Secured credit card means a card account backed by a security deposit. The deposit helps reduce the issuer’s risk and often supports some or all of the account’s limit.
Secured cards matter because they give many borrowers an entry point into the credit system when approval for an Unsecured Credit Card would be difficult. They are common in credit-building and credit-rebuilding situations, often alongside products such as a Credit-Builder Loan.
They also matter because some borrowers assume “secured” means cheap or harmless. That is not automatically true. A secured card can still carry fees, a meaningful Annual Percentage Rate (APR), and the same reporting consequences as other card accounts if payments are missed.
Borrowers encounter secured cards when starting a file, rebuilding after past problems, or trying to move from limited approval options into more conventional card access.
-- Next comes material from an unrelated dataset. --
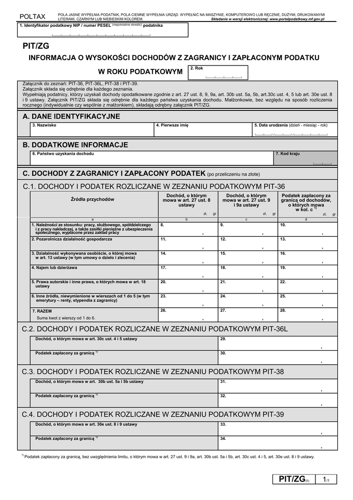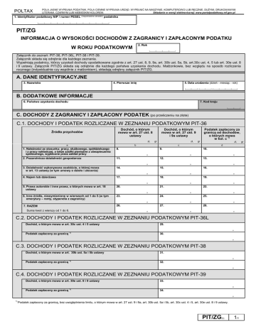 POLA JASNE WYPEŁNIA PODATNIK, POLA CIEMNE WYPEŁNIA URZĄD. WYPEŁNIĆ NA MASZYNIE, KOMPUTEROWO LUB RĘCZNIE, DUŻYMI, DRUKOWANYMI LITERAMI, CZARNYM LUB NIEBIESKIM KOLOREM. Składanie w wersji elektronicznej: www.portalpodatkowy.mf.gov.pl POLTAX 1. Identyfikator podatkowy NIP / numer PESEL (niepotrzebne skreślić) podatnika └────┴────┴────┴────┴────┴────┴────┴────┴────┴────┴────┘ PIT/ZG INFORMACJA O WYSOKOŚCI DOCHODÓW Z ZAGRANICY I ZAPŁACONYM PODATKU 2. Rok W ROKU PODATKOWYM └────┴────┴────┴────┘ Załącznik do zeznań: PIT-36, PIT-36L, PIT-38 i PIT-39. Załącznik składa się odrębnie dla każdego zeznania. Wypełniają podatnicy, którzy uzyskali dochody opodatkowane zgodnie z art. 27 ust. 8, 9, 9a, art. 30b ust. 5a, 5b, art.30c ust. 4, 5 lub art. 30e ust. 8 i 9 ustawy. Załącznik PIT/ZG składa się odrębnie dla każdego państwa uzyskania dochodu. Małżonkowie, bez względu na sposób rozliczenia rocznego (indywidualnie czy wspólnie z małżonkiem), składają odrębny załącznik PIT/ZG. A. DANE IDENTYFIKACYJNE 3. Nazwisko 4. Pierwsze imię 5. Data urodzenia (dzień - miesiąc - rok) └────┴────┘-└────┴────┘-└────┴────┴────┴────┘ B. DODATKOWE INFORMACJE 6. Państwo uzyskania dochodu 7. Kod kraju └────┴────┘ C. DOCHODY Z ZAGRANICY I ZAPŁACONY PODATEK (po przeliczeniu na złote) C.1. DOCHODY I PODATEK ROZLICZANE W ZEZNANIU PODATKOWYM PIT-36 Źródła przychodów Dochód, o którym mowa w art. 27 ust. 8 ustawy a b zł, 1. Należności ze stosunku: pracy, służbowego, spółdzielczego i z pracy nakładczej, a także zasiłki pieniężne z ubezpieczenia społecznego, wypłacone przez zakład pracy 8. 2. Pozarolnicza działalność gospodarcza 11. 3. Działalność wykonywana osobiście, o której mowa w art. 13 ustawy (w tym umowy o dzieło i zlecenia) 14. 4. Najem lub dzierżawa 17. 5. Prawa autorskie i inne prawa, o których mowa w art. 18 ustawy 20. 6. Inne źródła, niewymienione w wierszach od 1 do 5 (w tym emerytury – renty, stypendia z zagranicy) 23. 7. RAZEM 26. Dochód, o którym mowa w art. 27 ust. 9 i 9a ustawy gr zł, zł, c d 9. , 10. , 12. , , 13. , 15. , , 16. , 18. , Suma kwot z wierszy od 1 do 6. gr Podatek zapłacony za granicą od dochodów, o których mowa 1) w kol. c , 19. , 21. , , 22. , 24. , , 25. , 27. , , 28. , , C.2. DOCHODY I PODATEK ROZLICZANE W ZEZNANIU PODATKOWYM PIT-36L Dochód, o którym mowa w art. 30c ust. 4 i 5 ustawy 29. Podatek zapłacony za granicą 1) 30. , , C.3. DOCHODY I PODATEK ROZLICZANE W ZEZNANIU PODATKOWYM PIT-38 Dochód, o którym mowa w art. 30b ust. 5a i 5b ustawy 31. Podatek zapłacony za granicą 1) 32. , , C.4. DOCHODY I PODATEK ROZLICZANE W ZEZNANIU PODATKOWYM PIT-39 Dochód, o którym mowa w art. 30e ust. 8 i 9 ustawy 33. Podatek zapłacony za granicą 1) 34. , , 1) Podatek zapłacony za granicą, bez uwzględnienia limitu, o którym mowa w art. 27 ust. 9 i 9a, art. 30b ust. 5a i 5b, art. 30c ust. 4 i 5, art. 30e ust. 8 i 9 ustawy. PIT/ZG (5) 1/1 gr

The account still functions as a Credit Card and Revolving Credit line, so it affects Credit Utilization and reporting like other cards.
The Security Deposit changes the risk structure for the issuer, but it does not remove the need for careful use and on-time payment.
A borrower deposits $300 to open a secured card with a similar limit. The borrower uses the card lightly and pays on time for several months. Over time, that account can help establish or rebuild positive credit history if handled well.
Secured credit card is not the same as prepaid spending. The borrower is still using credit, not simply spending down a stored-value balance.
It is also different from an Unsecured Credit Card, where the issuer generally extends the line without holding a matching deposit as direct security.